I don't think they need access to Datadog, surely they just want:
-Everything is ok
-Some things are broken (these things...)
-Everything is in ruins

everything else requires some level of investigation and interpretation
and we should probably have that information on our business status page, unless we're scared about how frequently we have problems

Me
That's true. People probably already tell the CEO if things aren't fine
and if they want to fiddle the figures, they can still do it in the dashboard that she sees

yep that dashboard was a first attempt to get us a first step to what you describe
problem with us at the deep technical level – is knowing what data SLT / GXT find useful. Count of Active Alerts ? Just a simple RAG status ?
average response time ?

DevOps Engineer

The conclusion was, the metrics that we create should have the following properties:

• Consistent – the same interpretation should be made across all products
• Comparative – we can tell from the metric how close we are to having an issue (ie percentage of link utilisation is better than Mbps)
• Trending – we can see the past and if there is an underlying trend that points to an issue in the future the metric would make that obvious
• RAG status’d – you can tell if a metric is ok quickly by seeing if it’s red, amber or green.
• Relatable – the metric is connected to the experience by a customer, partner or patient.

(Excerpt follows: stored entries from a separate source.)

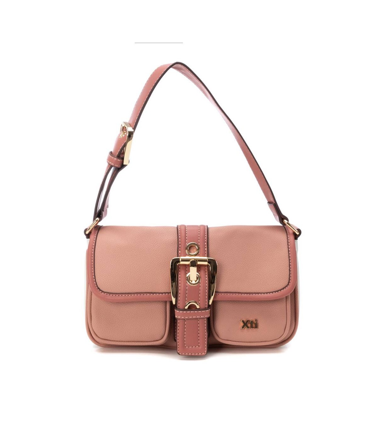 Bolso pequeño estilo bandolera, marca Xti. Fabricado en material que imita la piel. Cierre mediante botón. Bolso cómodo y práctico para tu día a día. Medidas 19x26x5 cm. Este modelo ha obtenido el certificado vegano por la organización mundial PETA (Organización de los derechos de los animales).
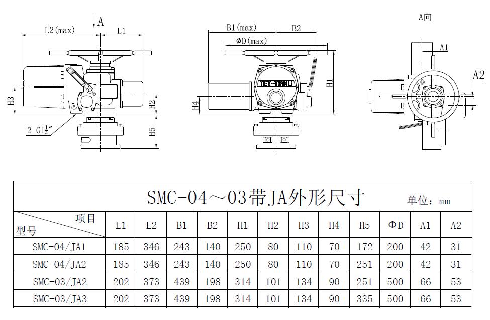 SMC/JA系列閥門電動裝置是部分回轉型閥門電動裝置,適用于球閥、蝶閥等類型閥門以及電動風門。其結構形式為組合式,由SMC多回轉電動裝置與JA部分回轉減速裝置相組合而成。該系列產品所適用的環(huán)境條件、溫度、濕度、海拔、防護等級均能達到SMC相應規(guī)格產品的水平。
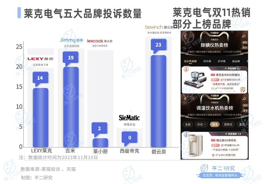 莱克电气的“碧云泉”品牌主营台式智能净水机,对标中高收入人群。截至2023年11月10日,其天猫旗舰店中销量首位产品是天猫调温净水机热销榜第一名,位于行业头部。虽然在天猫和京东旗舰店中,其好评率达99%。但黑猫投诉数据显示,碧云泉净水器相关投诉数量累计23条,多为产品质量及虚假宣传问题。

We Monitored Everything But Not That Important Bit

Hi all, just letting you know about a lesson learnt from last weekend’s Mobile disruption incident; An internal service Mobile relies on had a dependency on a 3rd party service endpoint that went into an error state. Unfortunately we weren’t monitoring that as part of the service monitoring and therefore we had a significant delay in detecting that down-stream failure. We also didn’t have the Mobile service mapped as depending on the other internal service within PagerDuty, so even if an alert had fired, we wouldn’t have seen that incident bubble up from Identify Link into Mobile as the cause of the Mobile disruption. 

CTO

Conclusion

I say in a lot of these blogs that you really need to understand the problem you are trying to solve. Otherwise you end up wasting time, money and causing more problems. It’s ridiculous that we have spent $1m a year on monitoring, and we can’t predict or react to Major Incidents. There’s gaps in the monitoring, incidents caused by the monitoring, and people not looking at the monitoring.

Also in predictable fashion, we are moving away from Datadog to Dynatrace which is supposed to be much cheaper. However, all the dashboards will have to be remade so there’s going to be lots of time wasted.